I have a dataframe called test_df (below) and I am trying to search for the ID based on two criteria: the Factor and the name.
Here's my code:
test_id = test_df.loc[test_df['Name'].str.contains(test_name, case=False) & test_df['Factor'].str.contains(test_factor, case=False), 'ID'].item()
But I get the following error:
Traceback (most recent call last):
File "C:/Users/v3.py", line 508, in <module>
test_id = test_df.loc[test_df['Name'].str.contains(test_name, case=False) & test_df['Factor'].str.contains(test_factor, case=False), 'ID'].item()

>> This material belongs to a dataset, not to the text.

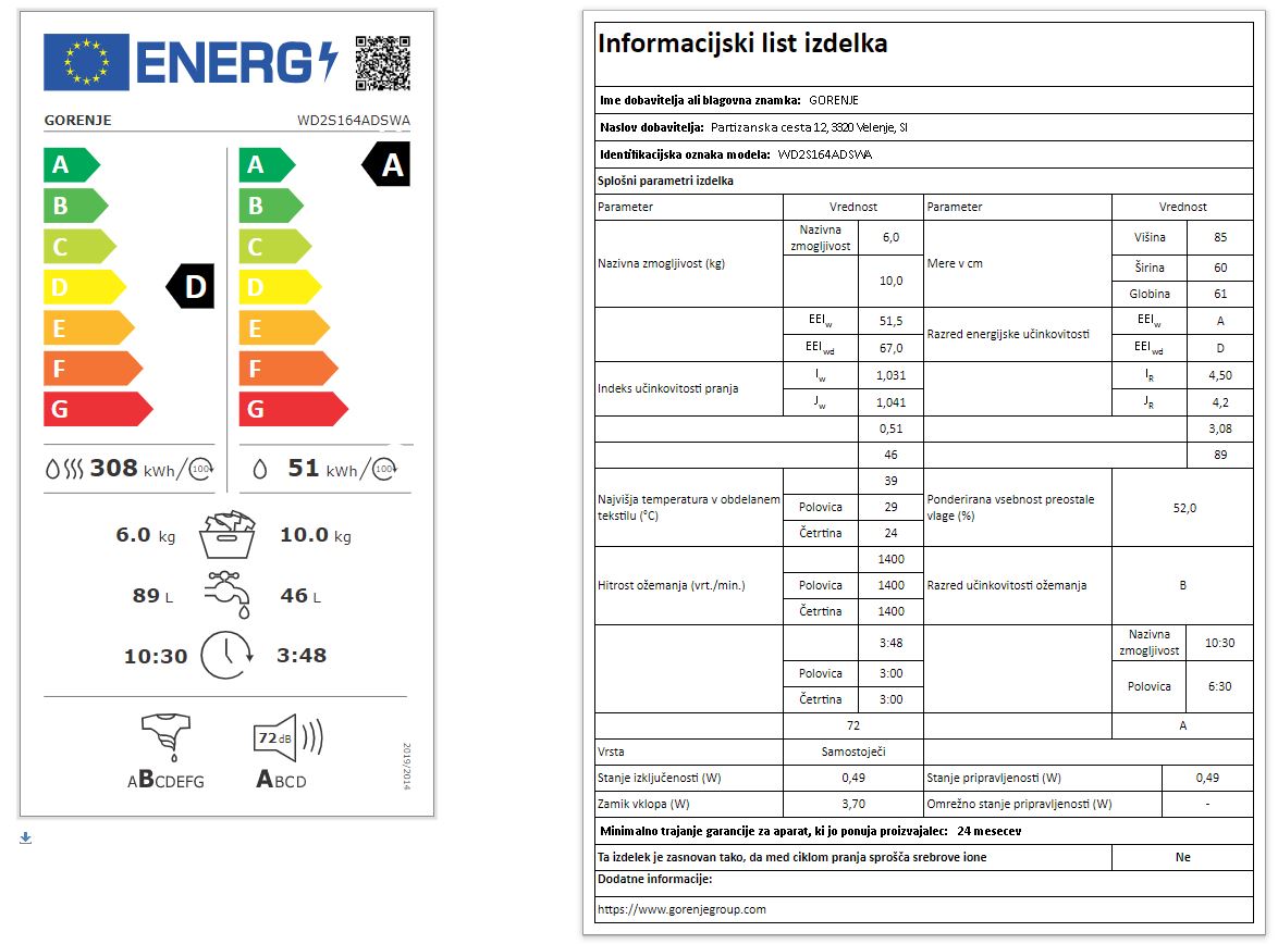 Blagovna znamka GORENJE ZMOGLJIVOST PRANJA 10 KG ZMOGLJIVOST CELOTNI CIKEL 5 KG ENERG. RAZRED CELOTNI CIKEL D ENERGIJSKI RAZRED CIKEL PRANJA A ZMOGLJIVOST SUŠENJA 5 KG ENERGIJSKI RAZRED OŽEMANJE B ŠIRINA 60 CM PORABA ENERGIJE CELOTNI CIKEL 308 KWH/100 CIKLOV PORABA ENERGIJE CIKEL PRANJA 51 KWH/100 CIKLOV GLOBINA 67 CM HITROST OŽEMANJA DO 1400 O/MIN INVERTER MOTOR DA TRAJANJE PROG. CELOTNI CIKEL 10:30 H : MIN TRAJANJE PROGRAMA CIKEL PRANJA 3:48 H : MIN RAZRED EMISIJE HRUPA A ZAMIK VKLOPA DA AQUASTOP TEHNOLOGIJA NE NAČIN POLNJENJA POLNJENJE SPREDAJ EMISIJA HRUPA CIKL OŽEMANJA 72 DB POVEZLJIVOST WI-FI NE PORABA VODE CELOTNI CIKEL 80 L PORABA VODE CIKEL PRANJA 46 L GLOBINA DO 50 CM NE PRIMEREN ZA ALERGIKE NE VIŠINA 85 CM GARANCIJA V LETIH 2 DOD.JAMSTVO/POGOJI GARANTA/LET 3 Mnenja

File "C:\Users\AppData\Local\Programs\Python\Python37\lib\site-packages\pandas\core\base.py", line 331, in item
raise ValueError("can only convert an array of size 1 to a Python scalar")
ValueError: can only convert an array of size 1 to a Python scalar
I thought the issue was the Factor column being a float format but I have converted it to a string with the same result.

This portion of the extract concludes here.